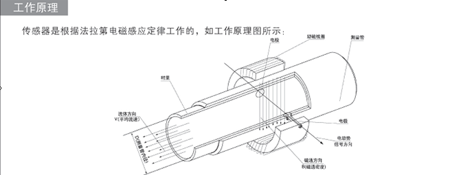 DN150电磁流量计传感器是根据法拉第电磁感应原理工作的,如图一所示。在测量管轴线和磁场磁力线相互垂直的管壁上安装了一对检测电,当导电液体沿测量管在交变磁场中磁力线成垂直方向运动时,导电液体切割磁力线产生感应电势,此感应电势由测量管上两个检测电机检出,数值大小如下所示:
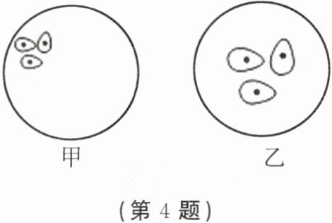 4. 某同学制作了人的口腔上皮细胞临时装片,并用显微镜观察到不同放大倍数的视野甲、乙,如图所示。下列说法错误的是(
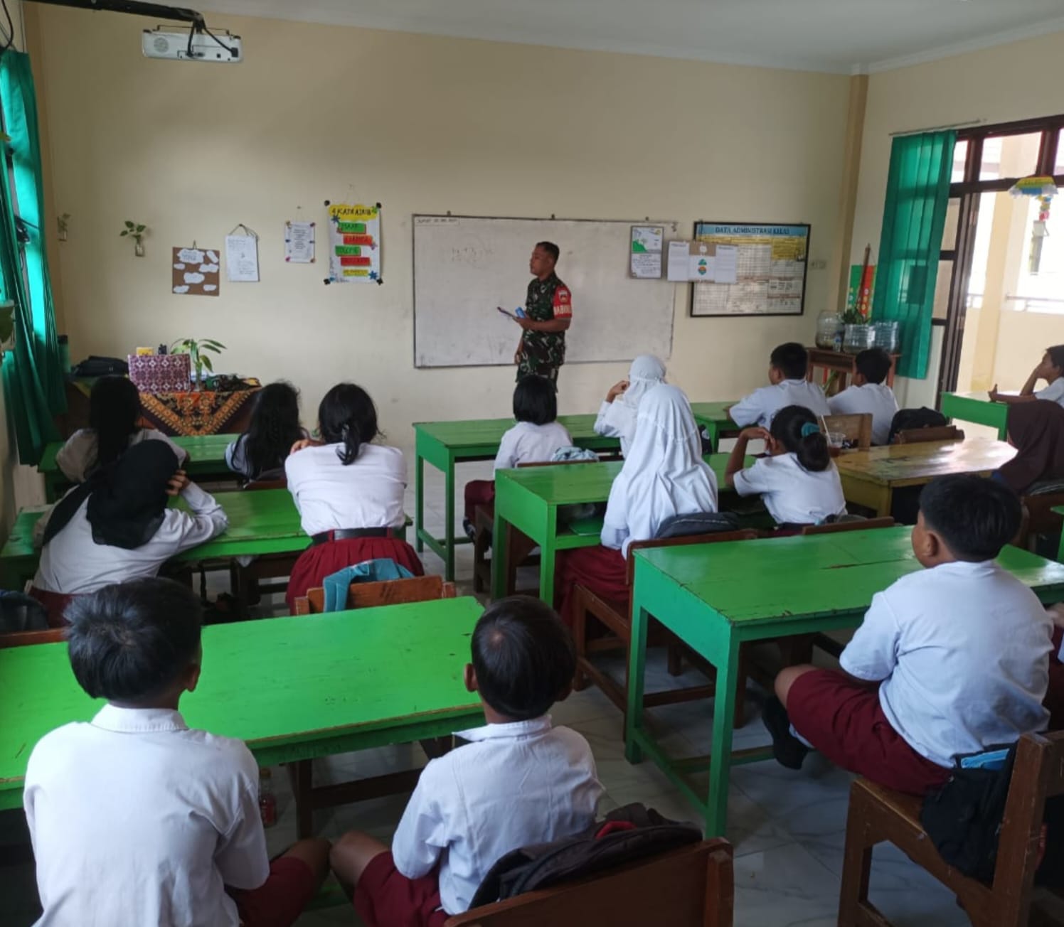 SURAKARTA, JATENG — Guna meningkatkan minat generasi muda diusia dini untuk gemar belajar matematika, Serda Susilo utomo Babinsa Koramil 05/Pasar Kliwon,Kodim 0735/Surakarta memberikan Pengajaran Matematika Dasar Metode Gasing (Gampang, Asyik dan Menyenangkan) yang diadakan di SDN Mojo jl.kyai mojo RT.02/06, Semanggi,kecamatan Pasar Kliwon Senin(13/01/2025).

--

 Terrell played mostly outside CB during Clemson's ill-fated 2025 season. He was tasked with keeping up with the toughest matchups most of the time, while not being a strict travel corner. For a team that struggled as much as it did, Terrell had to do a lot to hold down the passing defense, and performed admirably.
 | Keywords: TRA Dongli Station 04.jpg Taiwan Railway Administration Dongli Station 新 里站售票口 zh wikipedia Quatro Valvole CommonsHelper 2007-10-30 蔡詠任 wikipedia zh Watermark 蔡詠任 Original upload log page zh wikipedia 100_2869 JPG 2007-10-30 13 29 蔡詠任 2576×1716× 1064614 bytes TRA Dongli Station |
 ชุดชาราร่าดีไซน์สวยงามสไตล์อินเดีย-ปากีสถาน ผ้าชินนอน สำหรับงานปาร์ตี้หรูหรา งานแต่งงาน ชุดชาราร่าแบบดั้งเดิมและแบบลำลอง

...

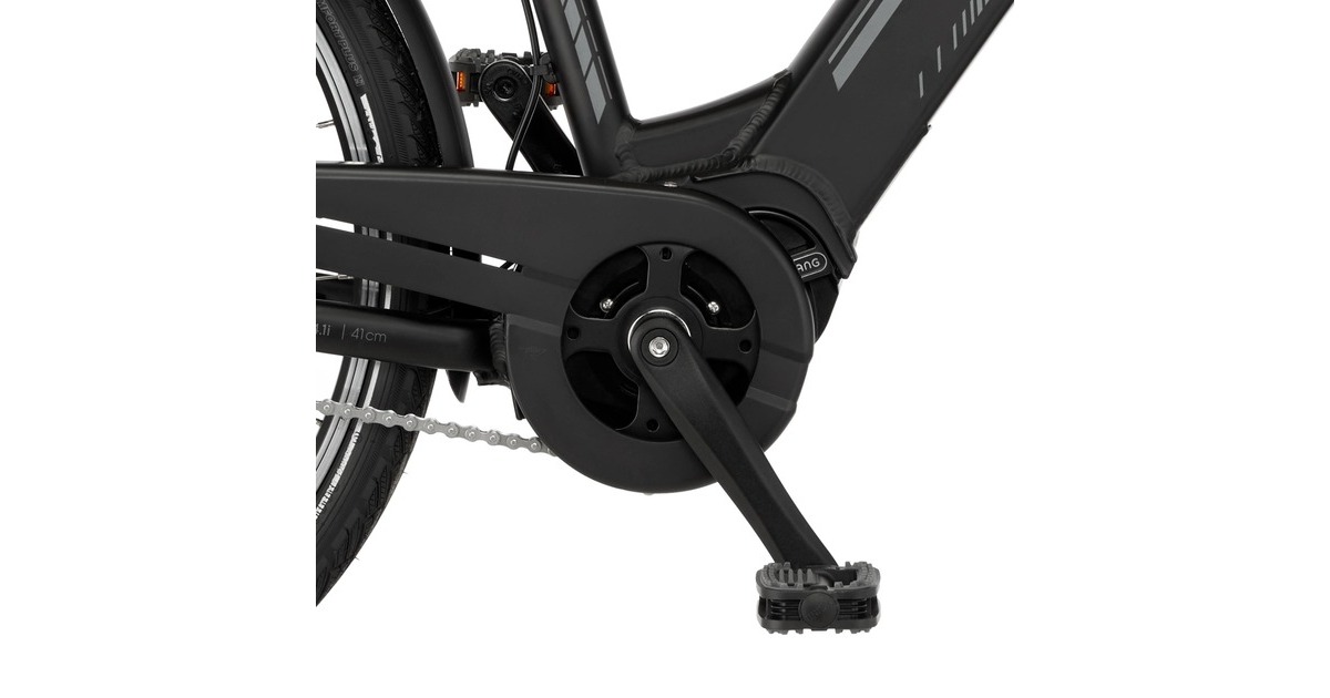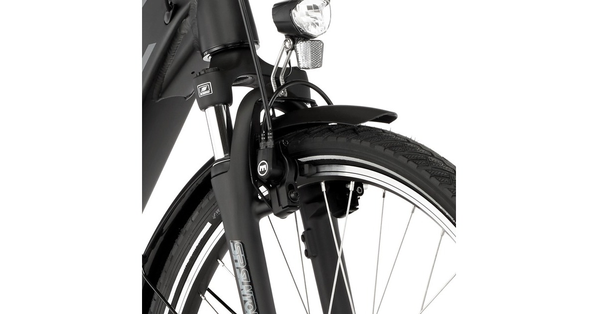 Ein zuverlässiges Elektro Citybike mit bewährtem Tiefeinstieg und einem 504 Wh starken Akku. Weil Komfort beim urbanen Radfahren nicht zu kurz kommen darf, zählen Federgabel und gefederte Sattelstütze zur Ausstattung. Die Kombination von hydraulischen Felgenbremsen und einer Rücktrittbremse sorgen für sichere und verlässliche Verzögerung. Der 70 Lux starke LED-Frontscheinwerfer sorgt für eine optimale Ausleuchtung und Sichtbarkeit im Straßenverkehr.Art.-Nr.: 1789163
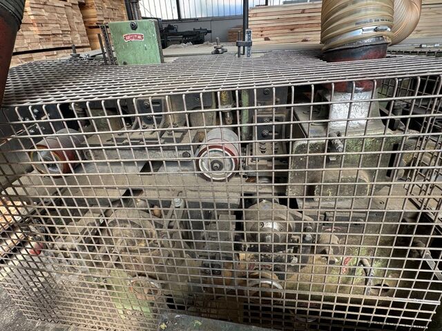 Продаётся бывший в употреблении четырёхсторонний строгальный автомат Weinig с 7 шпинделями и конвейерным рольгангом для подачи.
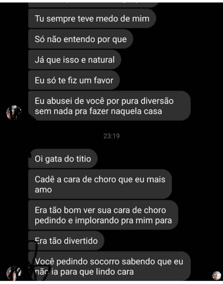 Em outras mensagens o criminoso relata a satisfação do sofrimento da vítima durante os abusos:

Activity:
Take the lines above starting at the one containing "DN150电磁流量计传感器是" and ending at the one containing "SURAKARTA, JATENG —", and print them again exactly, without pictures.

Task answer:
 DN150电磁流量计传感器是根据法拉第电磁感应原理工作的,如图一所示。在测量管轴线和磁场磁力线相互垂直的管壁上安装了一对检测电,当导电液体沿测量管在交变磁场中磁力线成垂直方向运动时,导电液体切割磁力线产生感应电势,此感应电势由测量管上两个检测电机检出,数值大小如下所示:
 4. 某同学制作了人的口腔上皮细胞临时装片,并用显微镜观察到不同放大倍数的视野甲、乙,如图所示。下列说法错误的是(
 SURAKARTA, JATENG — Guna meningkatkan minat generasi muda diusia dini untuk gemar belajar matematika, Serda Susilo utomo Babinsa Koramil 05/Pasar Kliwon,Kodim 0735/Surakarta memberikan Pengajaran Matematika Dasar Metode Gasing (Gampang, Asyik dan Menyenangkan) yang diadakan di SDN Mojo jl.kyai mojo RT.02/06, Semanggi,kecamatan Pasar Kliwon Senin(13/01/2025).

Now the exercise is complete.